- Location in Sutter County and the state of California
- Coordinates: 39°9′44″N 121°44′59″W﻿ / ﻿39.16222°N 121.74972°W
- Country: United States
- State: California
- County: Sutter
- South Butte: August 7, 1871
- Sutter City: January 20, 1888
- Sutter: January 26, 1895

Area
- • Total: 3.025 sq mi (7.835 km^{2})
- • Land: 3.025 sq mi (7.835 km^{2})
- • Water: 0 sq mi (0 km^{2}) 0%
- Elevation: 75 ft (23 m)

Population (2020)
- • Total: 2,997
- • Density: 990.7/sq mi (382.5/km^{2})
- Time zone: UTC-8 (Pacific (PST))
- • Summer (DST): UTC-7 (PDT)
- ZIP code: 95982
- Area code: 530
- FIPS code: 06-77378
- GNIS feature ID: 0255919

= Sutter, California =

Census-designated place in California, US

Sutter, formerly South Butte and Sutter City, is a census-designated place (CDP) in Sutter County, California, United States. It is part of the Yuba City Metropolitan Statistical Area within the Greater Sacramento CSA. The population as of the 2020 census was 2,997, up from 2,904 at the 2010 census.

==History==
Originally a settlement called South Butte, established in the vicinity of the stage station at Butte House east of the current town. It had a post office from August 7, 1871, until December 17, 1878, and from February 18, 1879, to January 20, 1888, when it was moved to the new Sutter City Post Office nearby. The Sutter Cemetery (originally South Butte Cemetery) lay to the west on the stage road (in former times used mostly by stagecoaches), and beside it was the school house, that had its classes dismissed when there was a funeral.

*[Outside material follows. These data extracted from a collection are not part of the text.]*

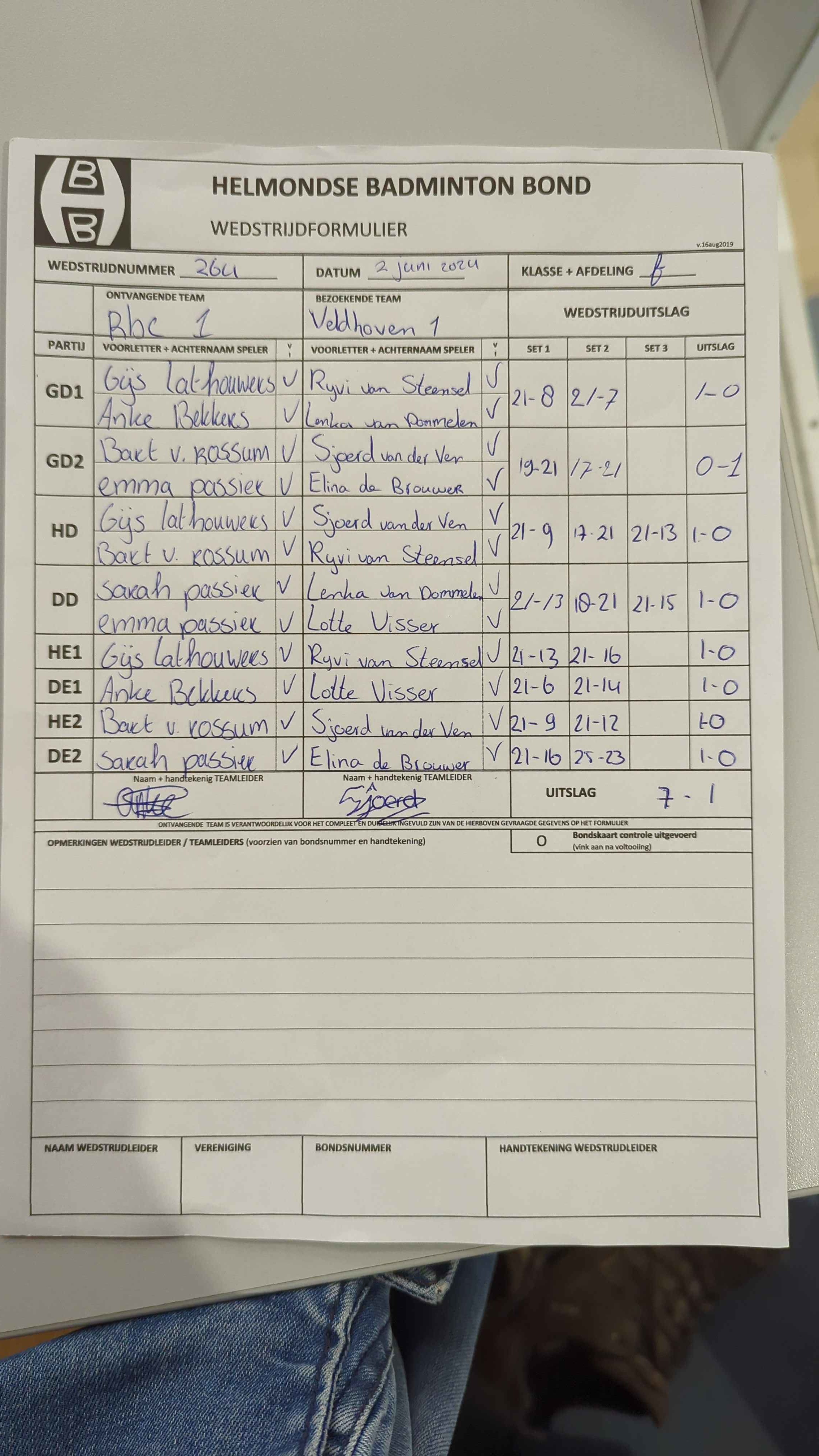 | 09:30 | zo. 02-06-2024 | RBC 1 | - | Veldhoven 1 | 11 | 7 - 1 | ||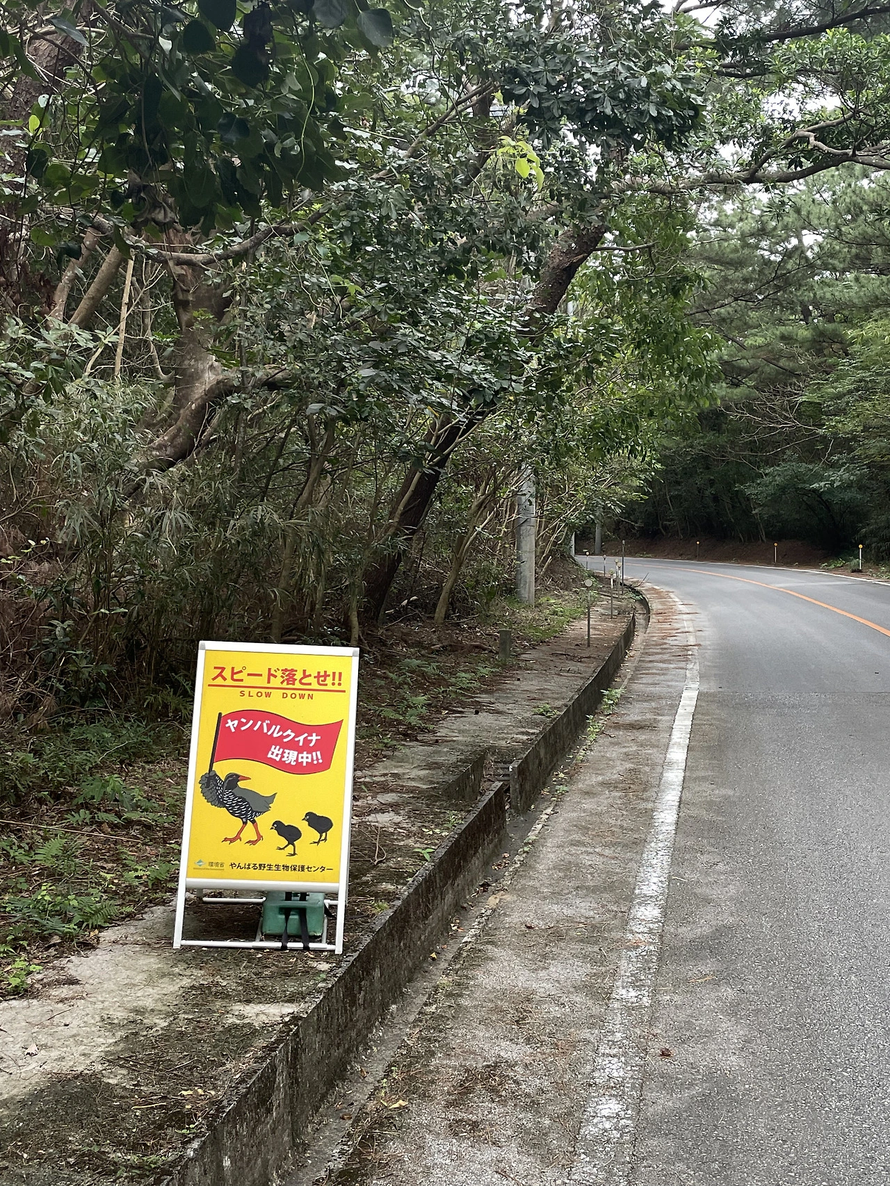 도로에는 ‘얀바루쿠이나(흰눈썹뜸부기)’라고 불리는, 이곳 오키나와에서만 서식한다는 일본 천연기념물 주의문이 많았다. 거의 100미터 간격마다 얀바루쿠이나를 조심하라는 주의문이 설치되어 있었다. 불행하게도 도로를 달리는 내내 주의문 개수와는 별개로 얀바루쿠이나는 단 한 마리도 보지 못했다. 얀바루쿠이나는 그렇게 한국의 고라니만큼 자주 무단횡단을 하지 않는 듯했다.
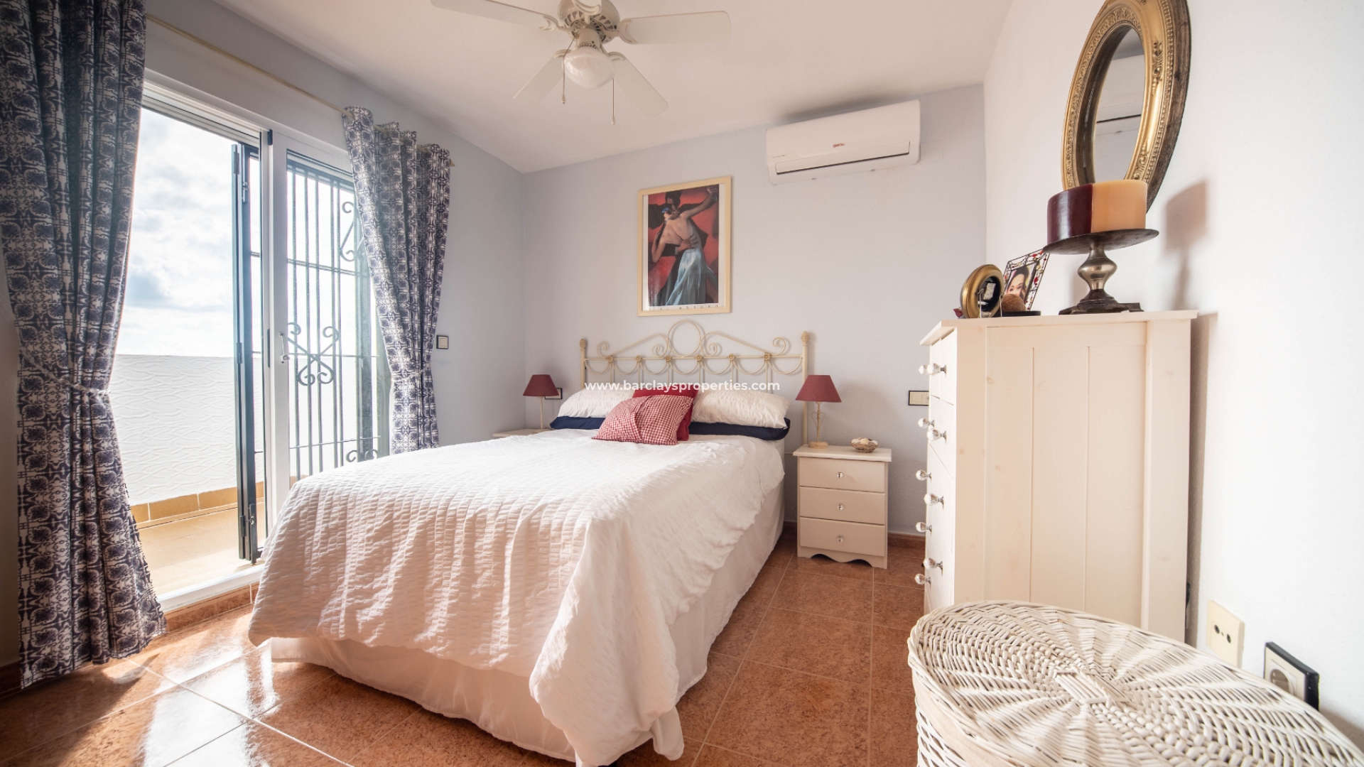 Een trap leidt naar de eerste verdieping met een ruime badkamer met ligbad, twee tweepersoons slaapkamers met inbouwkasten (een slaapkamer heeft ook een plafondventilator, de ouderslaapkamer heeft airconditioning en toegang via een terrasdeur naar een eigen zonneterras met prachtig uitzicht op zee en de bergen).

Sutter City was the result of an attempt to take advantage of the boom in California in the late 1880s. The town was located south of the Cemetery along the path of a railroad line projected to pass through the town and it hoped to become the new county seat, because it was near the geographical center of the county. However the rail line was never built and it never became the county seat.

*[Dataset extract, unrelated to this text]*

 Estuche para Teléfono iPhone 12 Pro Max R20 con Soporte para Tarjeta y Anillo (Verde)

The Sutter City post office name was changed to Sutter on January 26, 1895.

==Geography==

According to the United States Census Bureau, the CDP covers an area of 3.0 square miles (7.8 km^{2}), all land.

==Demographics==

Historical population
| Census | Pop. | Note | %± |
| 1960 | 1,219 |  | — |
| 1970 | 1,488 |  | 22.1% |
| 1980 | 2,225 |  | 49.5% |
| 1990 | 2,606 |  | 17.1% |
| 2000 | 2,885 |  | 10.7% |
| 2010 | 2,904 |  | 0.7% |
| 2020 | 2,997 |  | 3.2% |
U.S. Decennial Census 1960 1970 1980 1990 2000 2010

===2020 census===
As of the 2020 census, Sutter had a population of 2,997. The population density was 990.7 PD/sqmi. The median age was 38.6 years. For every 100 females there were 101.5 males, and for every 100 females age 18 and over there were 96.9 males age 18 and over.

The Census reported that 2,997 people (100% of the population) lived in households. The age distribution was 25.0% under the age of 18, 6.8% aged 18 to 24, 25.9% aged 25 to 44, 27.7% aged 45 to 64, and 14.6% who were 65 years of age or older.

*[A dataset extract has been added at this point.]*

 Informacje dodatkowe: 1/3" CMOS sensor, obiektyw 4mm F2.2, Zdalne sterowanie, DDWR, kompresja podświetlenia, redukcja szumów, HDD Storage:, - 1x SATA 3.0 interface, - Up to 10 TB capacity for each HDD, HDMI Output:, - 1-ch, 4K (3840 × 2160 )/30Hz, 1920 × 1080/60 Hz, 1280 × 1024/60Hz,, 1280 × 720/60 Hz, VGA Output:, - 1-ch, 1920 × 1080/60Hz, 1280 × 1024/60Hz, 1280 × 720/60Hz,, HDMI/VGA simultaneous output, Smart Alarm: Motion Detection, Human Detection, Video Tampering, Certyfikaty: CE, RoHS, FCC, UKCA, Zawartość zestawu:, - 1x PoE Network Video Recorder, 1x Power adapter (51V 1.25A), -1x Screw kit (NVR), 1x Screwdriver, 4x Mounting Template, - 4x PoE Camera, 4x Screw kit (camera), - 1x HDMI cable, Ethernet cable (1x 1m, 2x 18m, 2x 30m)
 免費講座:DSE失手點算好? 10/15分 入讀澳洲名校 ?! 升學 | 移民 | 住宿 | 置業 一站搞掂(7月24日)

There were 1,064 households, out of which 34.1% had children under the age of 18 living in them. Of all households, 59.8% were married-couple households, 6.3% were cohabiting couple households, 18.6% had a female householder with no spouse or partner present, and 15.3% had a male householder with no spouse or partner present. About 18.1% of households were made up of individuals and 8.6% had someone living alone who was 65 years of age or older. The average household size was 2.82. There were 811 families (76.2% of all households).

There were 1,097 housing units, of which 1,064 (97.0%) were occupied and 3.0% were vacant. Of occupied units, 73.5% were owner-occupied and 26.5% were occupied by renters. The homeowner vacancy rate was 0.3% and the rental vacancy rate was 2.8%.

0.0% of residents lived in urban areas, while 100.0% lived in rural areas.

Racial composition as of the 2020 census
| Race | Number | Percent |
|---|---|---|
| White | 2,337 | 78.0% |
| Black or African American | 6 | 0.2% |
| American Indian and Alaska Native | 46 | 1.5% |
| Asian | 33 | 1.1% |
| Native Hawaiian and Other Pacific Islander | 0 | 0.0% |
| Some other race | 245 | 8.2% |
| Two or more races | 330 | 11.0% |
| Hispanic or Latino (of any race) | 498 | 16.6% |

===Income and poverty===
In 2023, the US Census Bureau estimated that the median household income was $94,375, and the per capita income was $42,615. About 3.6% of families and 4.0% of the population were below the poverty line.

===2010 census===
The 2010 United States census reported that Sutter had a population of 2,904. The population density was 956.7 PD/sqmi. The racial makeup of Sutter was 2,503 (86.2%) White, (0.6%) African American, (0.9%) Native American, 30 (1.0%) Asian, 1 (0.0%) Pacific Islander, 160 (5.5%) from other races, and 140 (4.8%) from two or more races. Hispanic or Latino of any race were 410 persons (14.1%).

The Census reported that 2,904 people (100% of the population) lived in households, 0 (0%) lived in non-institutionalized group quarters, and 0 (0%) were institutionalized.

There were 1,021 households, out of which 428 (41.9%) had children under the age of 18 living in them, 605 (59.3%) were opposite-sex married couples living together, 127 (12.4%) had a female householder with no husband present, 68 (6.7%) had a male householder with no wife present. There were 53 (5.2%) unmarried opposite-sex partnerships, and 7 (0.7%) same-sex married couples or partnerships. 177 households (17.3%) were made up of individuals, and 92 (9.0%) had someone living alone who was 65 years of age or older. The average household size was 2.84. There were 800 families (78.4% of all households); the average family size was 3.18.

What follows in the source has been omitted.